Teaching High School Mathematics
In my calculus class we had just finished a test on a Tuesday before Christmas break. 3 days left and the next topic was optimization. Hmmm… I’m not into showing movies, or having parties or wasting the days… I wondered if they would remember anything we did when we started back up after the break.
I recently have been intrigued by the idea of a “thinking classroom,” Visibly Random Grouping, and Vertical Non-Permanent Surfaces. I’ve been experimenting with random groupings in all my classes because that is the easiest of the three parts to manage.
Here is how I group students: I take a deck of cards and select 3 Kings, 3 Queens, 3 etc.. for as many sets needed for the class. Then I shuffle the deck in front of the students and randomly hand out the cards. Because, it is random, and they know that I will not switch them even if they are randomly with a friend, they are way more likely to work well and with someone they don’t know or would rather not work with. I call out their cards as I hand them out and tell them they cannot switch cards.
This group work has gone well and I was ready to try a great problem for students to work on.
My goal was to start with a standard problem I would expect them to solve after teaching a lesson and see if they could figure it out for themselves in their group. I figured that if it didn’t work we could regroup after winter break.
I chose this problem: What dimensions of fencing would create the largest area rectangle next to a barn if you have 100 ft of fencing? (See diagram above.)
I drew the picture above without the x and y. I told the problem as a story… Farmer Allinson needed to create the largest enclosure possible with his 100 ft of fencing.
Students in all groups proceeded to do trial and error (not Calculus) and fairly quickly found the ideal dimensions. As groups finished I would ask them to convince me that their answer had to be the max area. I had to tell some groups that no matter how many examples they showed me that were less than the one they got… how did they know for sure that there wasn’t a better answer somewhere else.
Then, one by one the groups started coming up with equations that modeled the situation.
100 = 2x + y and A = x * y. They also used substitution and got an area equation with only either x or y. Some groups used l and w. One group used some random variables they chose. I hadn’t done anything to prep them to do this and I was flabbergasted. I thought that I would have to strongly guide them towards using equations. Some of the groups then realized they needed to find the maximum of the function. The immediately started using the first or second derivative test that we had just finished testing on the day before. For some groups, I had to ask them what their function represented(Area) and how they would find the largest area. With these “hints” all groups were able to move along.
Once groups got the correct solution using calculus, I would tell them I made a mistake in the problem and give them a different amount of fencing(say 120ft or 200ft). I just made up a different number for each group. Two of the groups decided to put F into the equation instead of the 100 ft or fencing amount and came up with a formula for the answer regardless of the amount of fencing I gave them. I honestly was pretty excited.
At the end of day one I chose one of those groups to come up to the board and present their solution. A couple of the groups were in awe as they explained their generalized solution for any amount of fencing.
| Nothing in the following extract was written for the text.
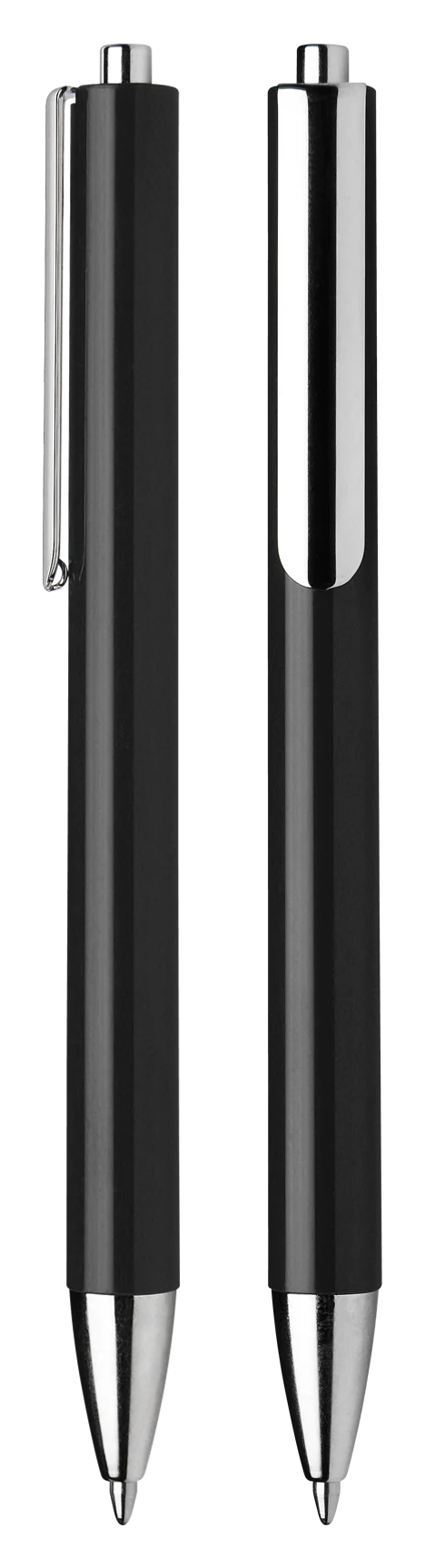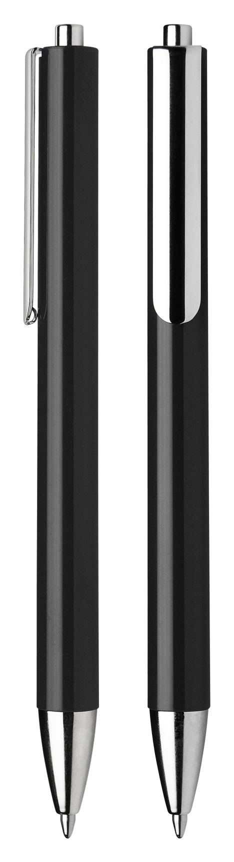 Glossy surface. Metal pen body tip, clip and push button.

As my second class came in I figured that it was a fluke that first period figured it all out without much help… I was wrong. Second period also rose to the challenge.
New day, new random groups.
On day two I put the same drawing on the board. I told them that Farmer Allinson just realized that he needed to keep the boy sheep away from the girl sheep and I added a line straight down from the barn. A fence in the middle so that there were two equal enclosures. It was crazy… I could hardly finish talking about the problem and they were scribbling equations. One group in first period did start with trial and error again on the second day.
As groups got the correct answers I would say that I made a mistake and give them a different amount of fencing and then told them there were more than 2 equal enclosures (3, 5, 8…). Most groups just kept figuring out the new problem. One group used F for the amount of fence to generalize, and one group used F for fencing and s for number of interior fences. Both classes had one group that did this and generalized the entire problem. In each class, they came up at the end of the period and explained. One student in particular was fabulous in their explanations tying each part of their solution to the specific solution to the original problem. The picture below shows the second half of their work.
This was a 25 min. period. I gave students the same drawing as the day before with a fence down the middle and told them that Farmer Allinson needed two 500 ft^2 enclosure and wanted to use the least amount of fencing possible. I asked them to think about what I might ask them and take the problem as far as they could. They worked on the problem, but since it was a short day on Dec. 21st. I didn’t get the closure I wanted on the day. Some groups had full generalized solutions and some found just the first answer.
One group bailed on the problem and stared working on the previous days problem using a semi-circle and two partitions down the middle. They spent their time trying to figure out where the partitions would go to make the sections have equal area.
One comment from a student was that the student explaining their math so well was going to take my job. I loved it!
I felt like such a great teacher. My students were doing all the interesting math that I normally get to do.
I ran into a student after the girls basketball game that night and they started asking me about partitioning a circle with vertical lines and showed me a picture of their computations on their phone.
I wrote emails home to 3 students bragging on their skills to their parents.
I’m so excited to find more problems that will engage the class this well and draw out their creativity and mathematical ideas.